Composition, form of production and packaging
Capsules number 2 in blue; the contents of the capsules are white or white powder with a slightly yellowish tint of color.
1 caps.
sibutramine hydrochloride monohydrate 10 mg
cellulose microcrystalline 158.5 mg
[PRING] calcium stearate.
The composition of the shell of the capsule: dye titanium dioxide, dye azorubin, dye patented blue, gelatin.
10 pieces. - Cellular outline packaging (aluminum / PVC) (3) - cardboard packs.
10 pieces. - Cellular outline packaging (aluminum / PVC) (6) - cardboard packs.

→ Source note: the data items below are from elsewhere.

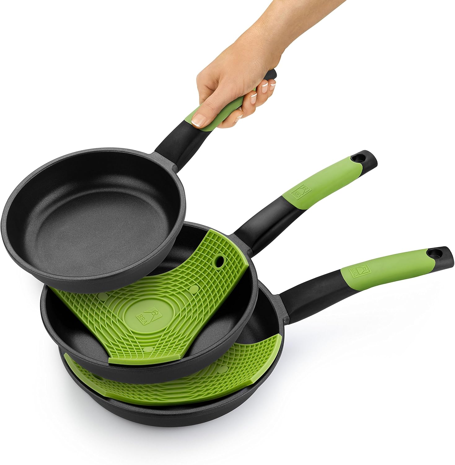 Set de 3 sartenes de diferentes tamaños, material antiadherente, incluye trivets seguros, apto para inducción.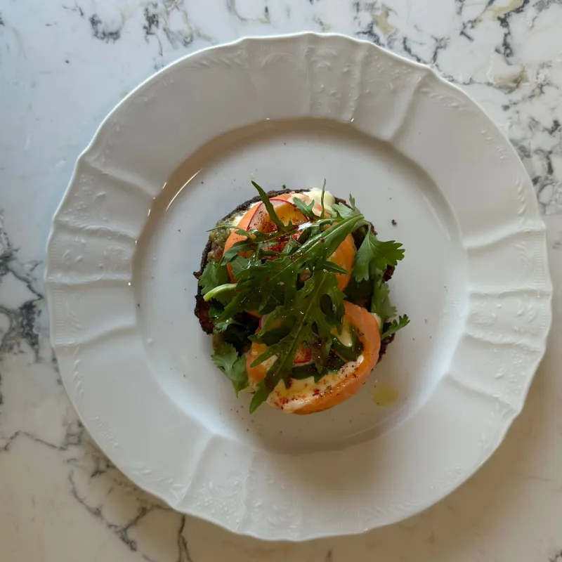 (яйцо, булочка, лосось, руккола, кинза, редис, гуаккомоле)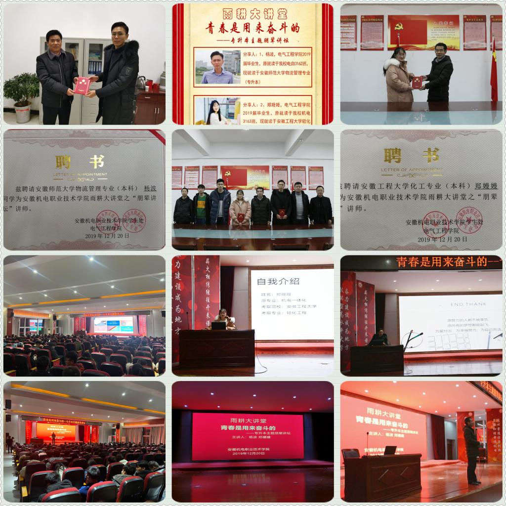 12月20日晚,由校学生处举办、电气工程学院承办的2019雨耕大讲堂之“青春是用来奋斗的”专升本主题朋辈讲坛教育实践活动在行政楼一楼报告厅顺利开讲。本次“朋辈讲堂”邀请的两位朋辈讲坛讲师安徽师范大学本科生杨波同学和安徽工程大学本科生郑嫚嫚同学为我校电气工程学院2019届毕业生。校学生处处长段贤勇、电气工程学院党总支书记余丙荣为两位同学颁发了“朋辈讲堂”讲师聘书。校学生资助管理中心主任赵勇、各二级学院专升本专项工作辅导员和学生代表参加了此次“朋辈讲坛”,讲坛由电气工程学院专升本专项工作辅导员石升起主持。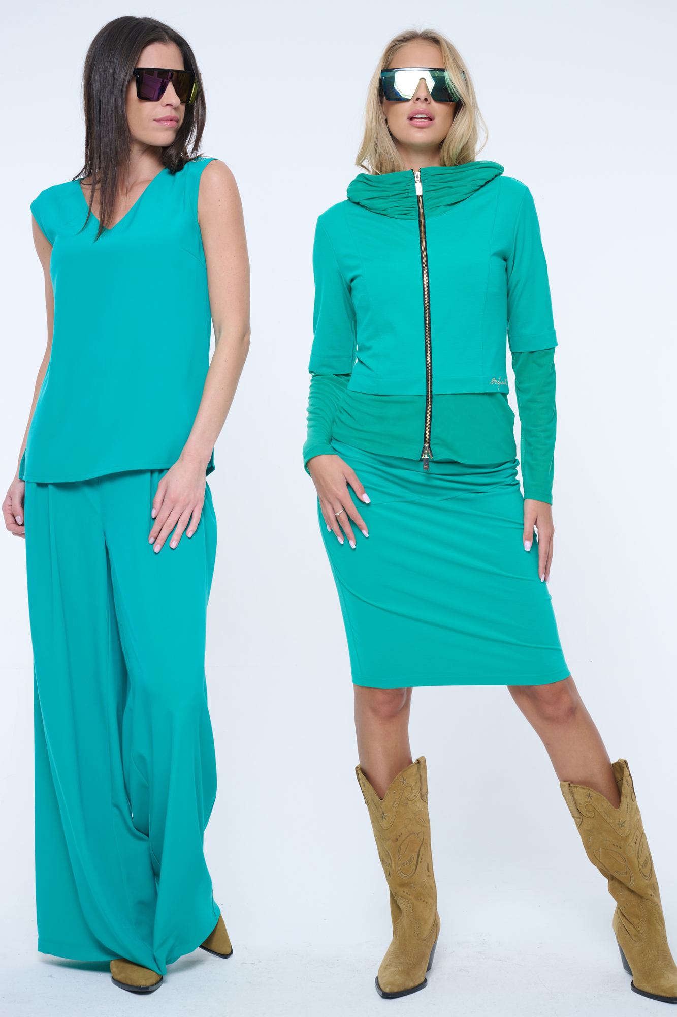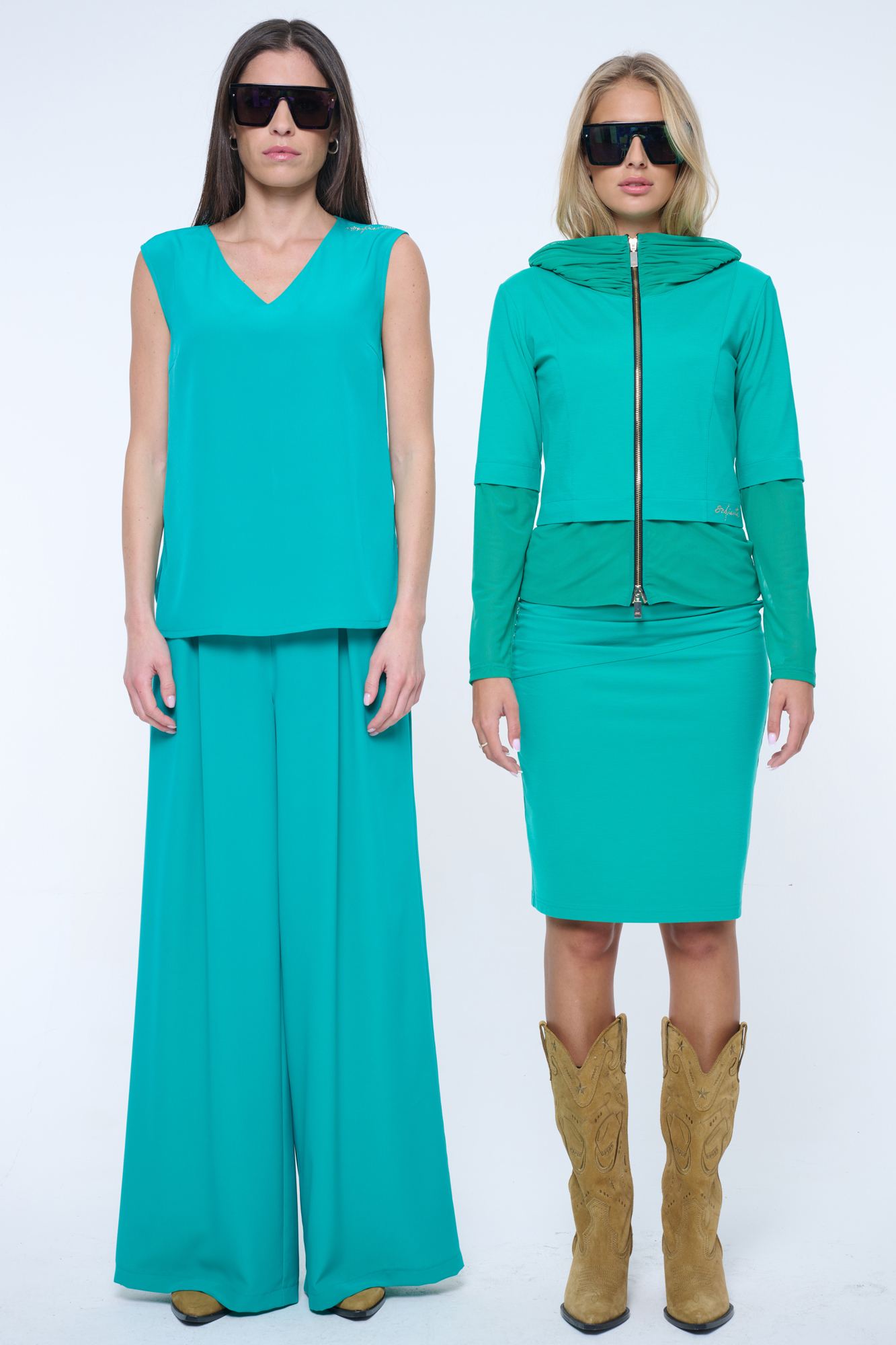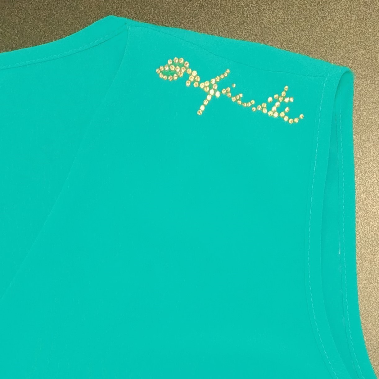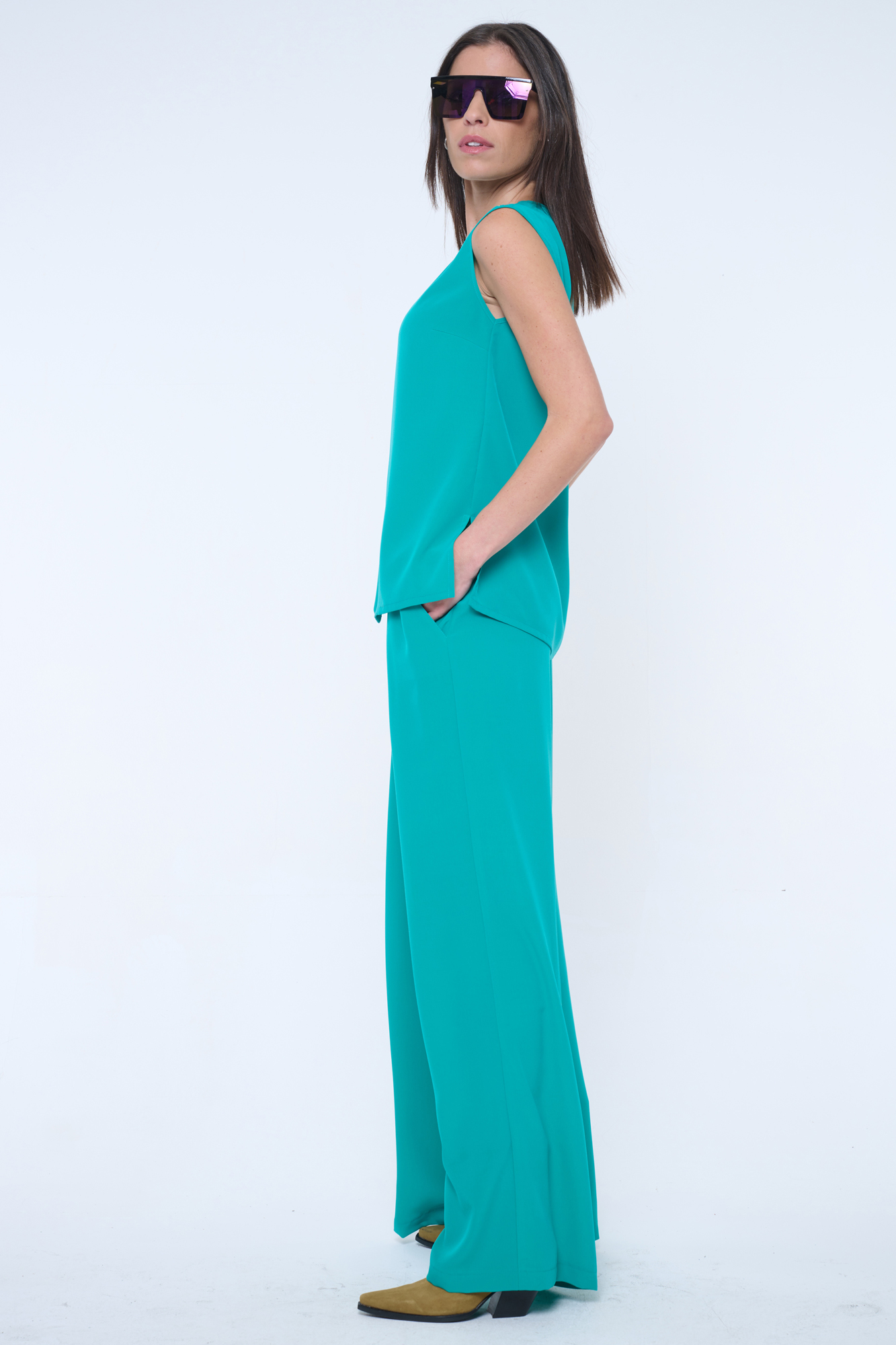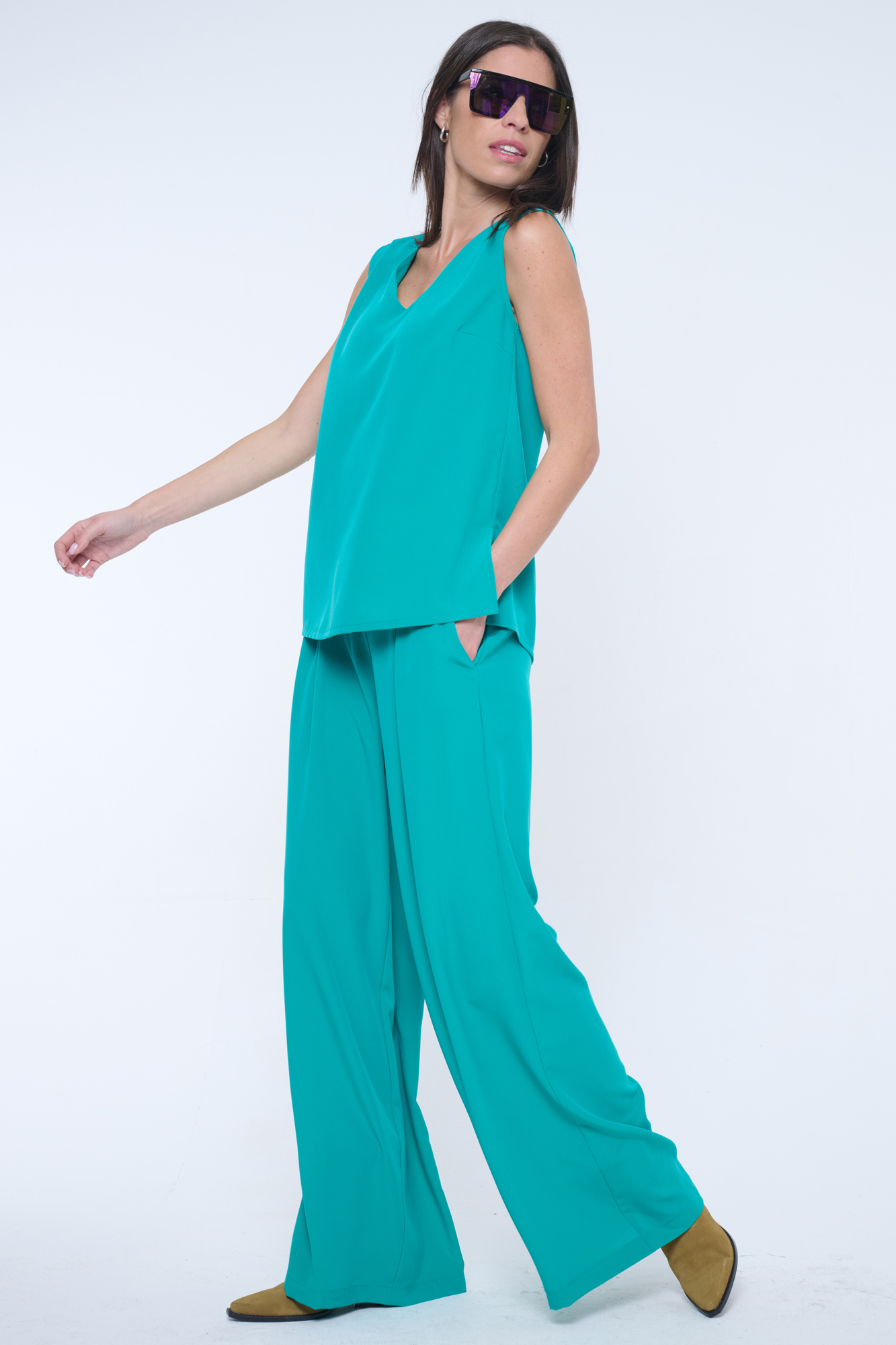 Volná halenka bez rukávů vhodná na společenské události. Skvělé do kompletu se širokými kalhotami art.442-746B. Na rameni krystalové logo INF.

Capsules number 2 in blue; the contents of the capsules are white or white powder with a slightly yellowish tint of color.
1 caps.
sibutramine hydrochloride monohydrate 15 mg
cellulose microcrystalline 153.5 mg
[PRING] calcium stearate.
The composition of the capsule shell: titanium dioxide dye, the dye patented blue, gelatin.
10 pieces. - Cellular outline packaging (aluminum / PVC) (3) - cardboard packs.
10 pieces. - Cellular outline packaging (aluminum / PVC) (6) - cardboard packs.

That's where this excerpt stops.